Krow-workspace/docs/research/flutter-testing-tools.md

# 📱 Research: Flutter Integration Testing Evaluation
**Issue:** #533
**Focus:** Maestro vs. Marionette MCP (LeanCode)
**Status:** ✅ Completed
**Target Apps:** `KROW Client App` & `KROW Staff App`

---

## 1. Executive Summary & Recommendation

Following a technical spike implementing full authentication flows (Login/Signup) for both KROW platforms, **Maestro is the recommended integration testing framework.**

While **Marionette MCP** offers an innovative LLM-driven approach for exploratory debugging, it lacks the determinism required for a production-grade CI/CD pipeline. Maestro provides the stability, speed, and native OS interaction necessary to gate our releases effectively.

### Why Maestro Wins for KROW:
* **Zero-Flake Execution:** Built-in wait logic handles Firebase Auth latency without hard-coded `sleep()` calls.
* **Platform Parity:** Single `.yaml` definitions drive both iOS and Android build variants.
* **Non-Invasive:** Maestro tests the compiled `.apk` or `.app` (Black-box), ensuring we test exactly what the user sees.
* **System Level Access:** Handles native OS permission dialogs (Camera/Location/Notifications) which Marionette cannot "see."

---

## 2. Technical Evaluation Matrix

| Criteria | Maestro | Marionette MCP | Winner |
| :--- | :--- | :--- | :--- |
| **Test Authoring** | **High Speed:** Declarative YAML; Maestro Studio recorder. | **Variable:** Requires precise Prompt Engineering. | **Maestro** |
| **Execution Latency** | **Low:** Instantaneous interaction (~5s flows). | **High:** LLM API roundtrips (~45s+ flows). | **Maestro** |
| **Environment** | Works on Release/Production builds. | Restricted to Debug/Profile modes. | **Maestro** |
| **CI/CD Readiness** | Native CLI; easy GitHub Actions integration. | High overhead; depends on external AI APIs. | **Maestro** |
| **Context Awareness** | Interacts with Native OS & Bottom Sheets. | Limited to the Flutter Widget Tree. | **Maestro** |

---

## 3. Spike Analysis & Findings

### Tool A: Maestro (The Standard)
We verified the `login.yaml` and `signup.yaml` flows across both apps. Maestro successfully abstracted the asynchronous nature of our **Data Connect** and **Firebase** backends.

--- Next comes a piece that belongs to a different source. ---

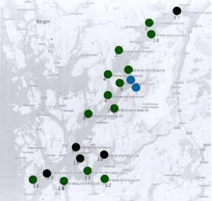 There are 83 salmon farms located in the Hardanger fjord and its environs, all of which have their weekly lice counts reported on the Barentswatch website. I have looked at every one of these farms and have determined that just two of the farms had lice counts above the legislated limit during this period. Their location (blue) is shown in relation to the sentinel cages in the following image.
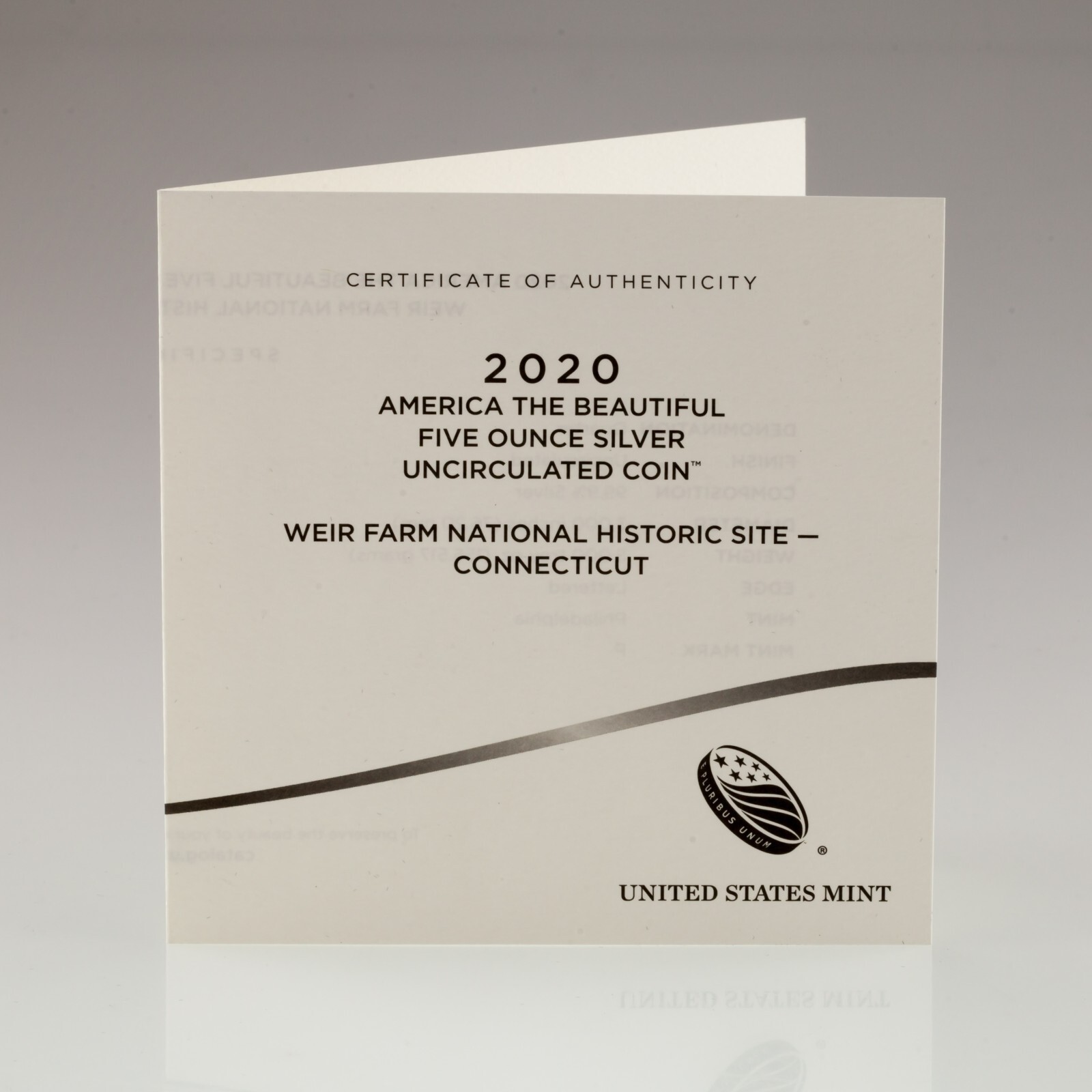 2020-P ATB 5 Oz. Silver Round W/ Box e Coa Weir Farm National Historic Sito CT

* **Pros:** * **Semantics Driven:** By targeting `Semantics(identifier: '...')` in our `/design_system/`, tests remain stable even if the UI text changes for localization.
  * **Automatic Tolerance:** It detects spinning loaders and waits for destination widgets automatically.
* **Cons:** * Requires strict adherence to adding `Semantics` wrappers on all interactive components.

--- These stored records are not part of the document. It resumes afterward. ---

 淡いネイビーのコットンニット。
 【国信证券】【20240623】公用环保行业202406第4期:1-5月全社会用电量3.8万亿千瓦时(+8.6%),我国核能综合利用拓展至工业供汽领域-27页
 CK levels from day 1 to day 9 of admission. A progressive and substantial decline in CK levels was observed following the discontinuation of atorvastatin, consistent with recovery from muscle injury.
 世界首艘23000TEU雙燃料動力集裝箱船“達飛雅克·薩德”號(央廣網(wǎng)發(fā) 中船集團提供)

### Tool B: Marionette MCP (The Experiment)
We spiked this using the `marionette_flutter` binding and executing via **Cursor/Claude**.

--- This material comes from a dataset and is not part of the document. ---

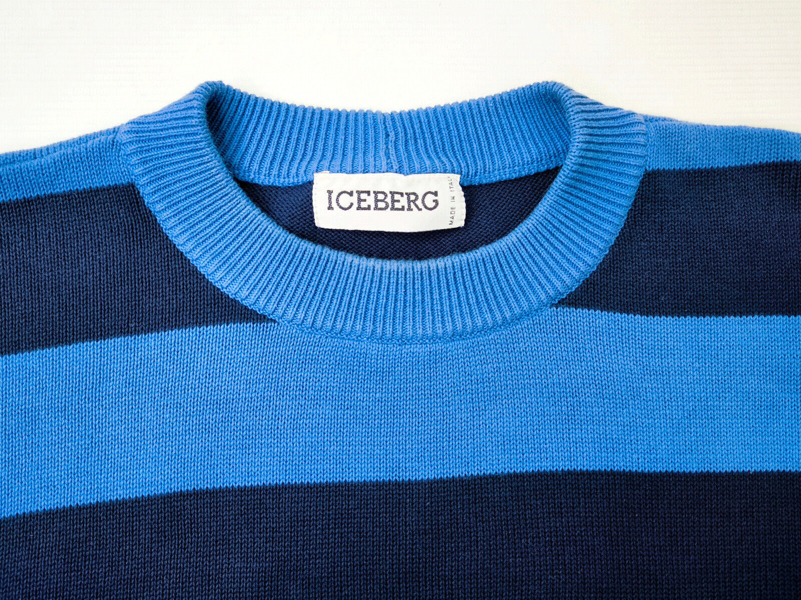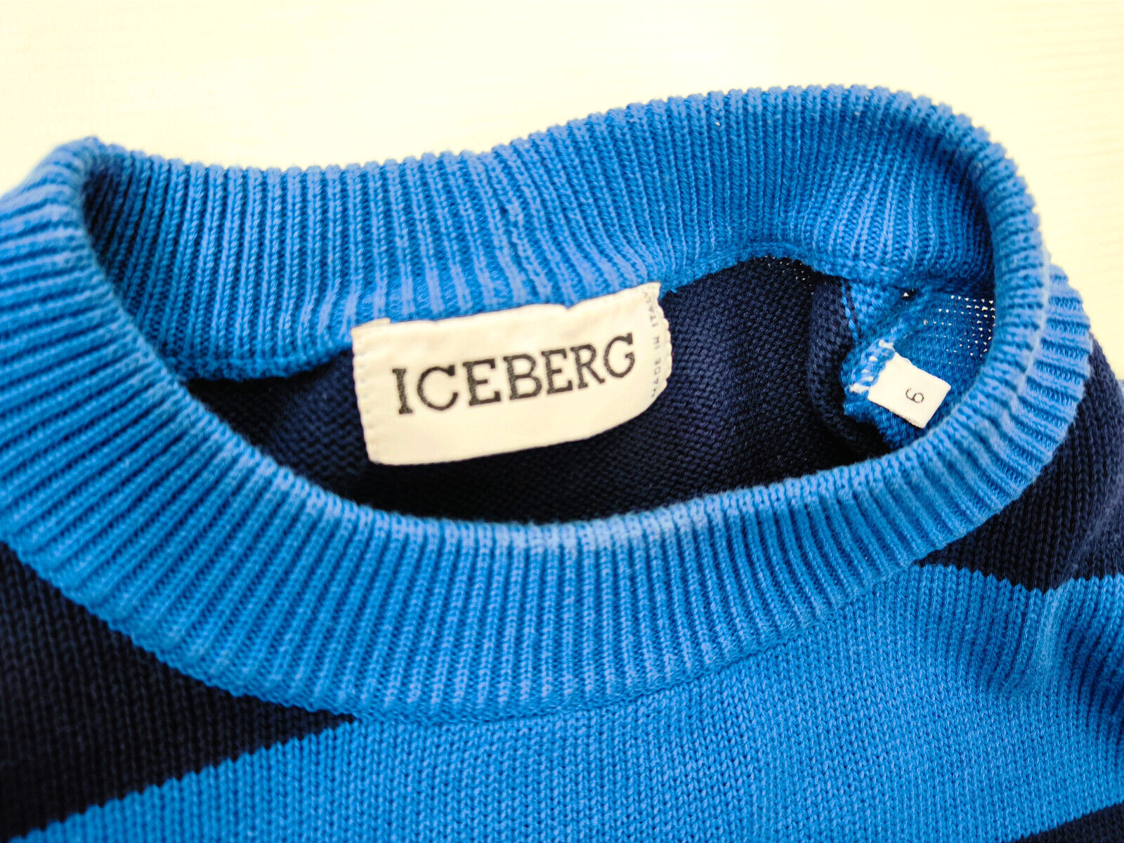 "Iceberg Strick Pullover blau gelb Gr. XL (6) vintage"

* **Pros:** * Phenomenal for visual "smoke testing" and live-debugging UI issues via natural language.
* **Cons:** * **Non-Deterministic:** Prone to "hallucinations" during heavy network traffic.
  * **Architecture Blocker:** Requires the Dart VM Service to be active, making it impossible to test against hardened production builds.

---

## 4. Implementation & Migration Blueprint


### Phase 1: Semantics Enforcement
We must enforce a linting rule or PR checklist: All interactive widgets in `@krow/design_system` must include a unique `identifier`.

```dart
// Standardized Implementation
Semantics(
  identifier: 'login_submit_button',
  child: KrowPrimaryButton(
    onPressed: _handleLogin,
    label: 'Sign In',
  ),
)
```

### Phase 2: Repository Structure (Implemented)
Maestro flows are co-located with each app under `auth/`:

* `apps/mobile/apps/client/maestro/auth/sign_in.yaml` — Client sign-in
* `apps/mobile/apps/client/maestro/auth/sign_up.yaml` — Client sign-up
* `apps/mobile/apps/staff/maestro/auth/sign_in.yaml` — Staff sign-in (phone + OTP)
* `apps/mobile/apps/staff/maestro/auth/sign_up.yaml` — Staff sign-up (phone + OTP)

Credentials are injected via env variables (never hardcoded). Use `make test-e2e` to run the suite.

### Phase 3: CI/CD Integration
The Maestro CLI will be added to our **GitHub Actions** workflow to automate quality gates.

* **Trigger:** Every PR targeting `main` or `develop`.
* **Action:** Generate a build, execute `maestro test`, and block merge on failure.